MMPI-2: Cluster Analysis of Personality Profiles in Perinatal Depression—Preliminary Evidence

1Department of Neurology and Psychiatry, Policlinico Umberto I, Sapienza University of Rome, Viale dell’Università 30, 00185 Rome, Italy
2Department of Social and Developmental Psychology, Sapienza University of Rome, Via dei Marsi 78, 00185 Rome, Italy

Received 28 July 2014; Accepted 10 November 2014; Published 9 December 2014

Academic Editor: Manuel F. Casanova

Copyright © 2014 Valentina Meuti et al. This is an open access article distributed under the Creative Commons Attribution License, which permits unrestricted use, distribution, and reproduction in any medium, provided the original work is properly cited.

Abstract

Background. To assess personality characteristics of women who develop perinatal depression. Methods.
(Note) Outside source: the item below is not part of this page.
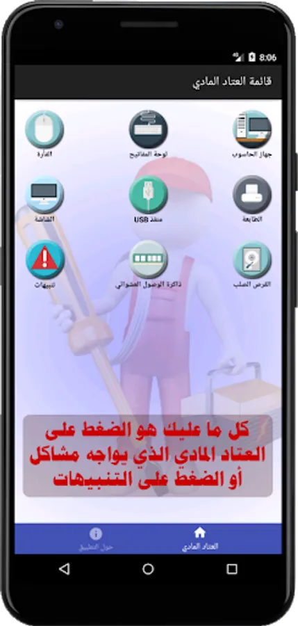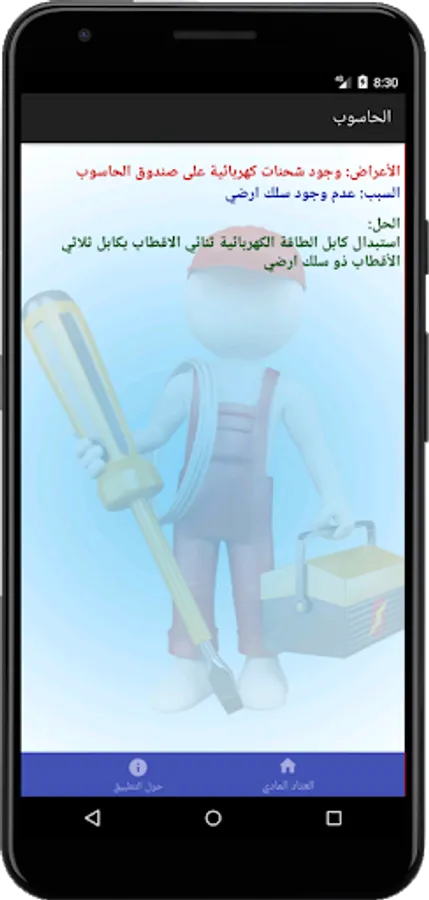 The application provides a simple, interactive method for diagnosing physical computer problems based on asking questions including symptoms or defects in the physical part that faces a problem and presenting the causes and appropriate solutions for those problems. This application is useful for maintenance technicians and computer users alike, as well as the possibility of using it for educational purposes by students.
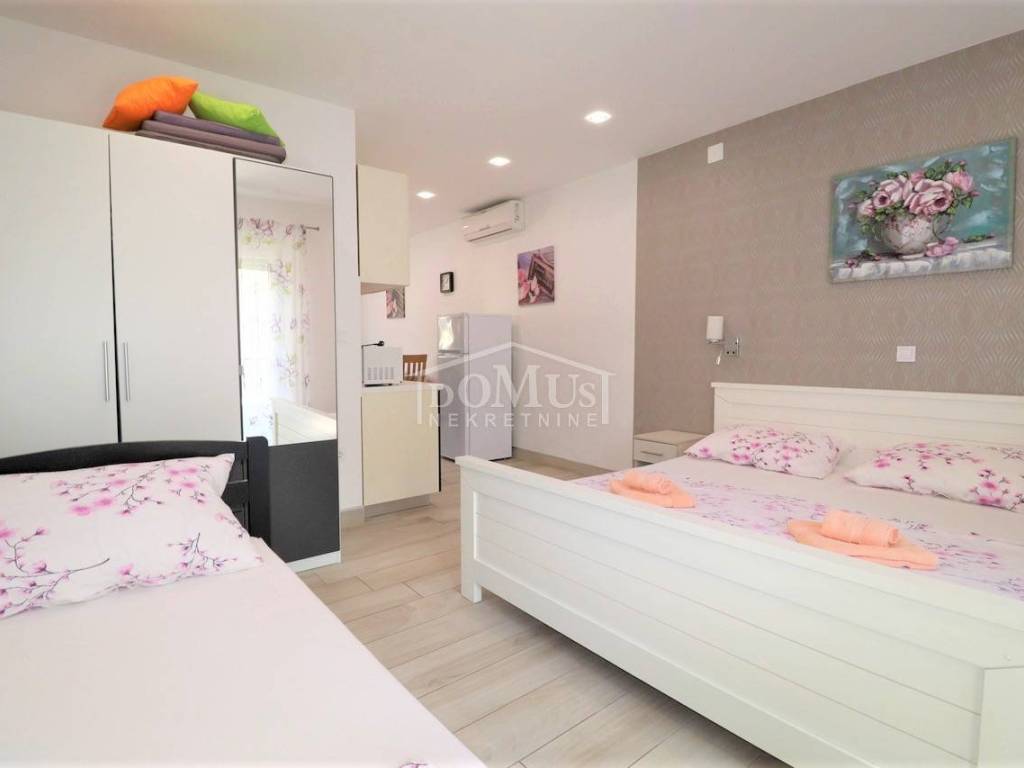 Attractive location, distance 230m from Lovetovo beach. Studio apartment on the ground floor, south side, with a total usable area of 36.50 m2, which consists of a kitchen with a dining room and a living room, as well as a bedroom as a whole, a bathroom, a terrace of 4.96 m2 and a garden of 15.66 m2. The apartment is fully furnished, it is included in the price of the property. The apartment has a garage of 31.03 m2, which is not furnished, but with electricity and water installations, and one parking space in front of the garage. The apartment is 1500m from the city center.

The study started with a screening of a sample of 453 women in their third trimester of pregnancy, to which was administered a survey data form, the Edinburgh Postnatal Depression Scale (EPDS) and the Minnesota Multiphasic Personality Inventory 2 (MMPI-2). A clinical group of subjects with perinatal depression (PND, 55 subjects) was selected; clinical and validity scales of MMPI-2 were used as predictors in hierarchical cluster analysis carried out. Results. The analysis identified three clusters of personality profile: two “clinical” clusters (1 and 3) and an “apparently common” one (cluster 2). The first cluster (39.5%) collects structures of personality with prevalent obsessive or dependent functioning tending to develop a “psychasthenic” depression; the third cluster (13.95%) includes women with prevalent borderline functioning tending to develop “dysphoric” depression; the second cluster (46.5%) shows a normal profile with a “defensive” attitude, probably due to the presence of defense mechanisms or to the fear of stigma. Conclusion. Characteristics of personality have a key role in clinical manifestations of perinatal depression; it is important to detect them to identify mothers at risk and to plan targeted therapeutic interventions.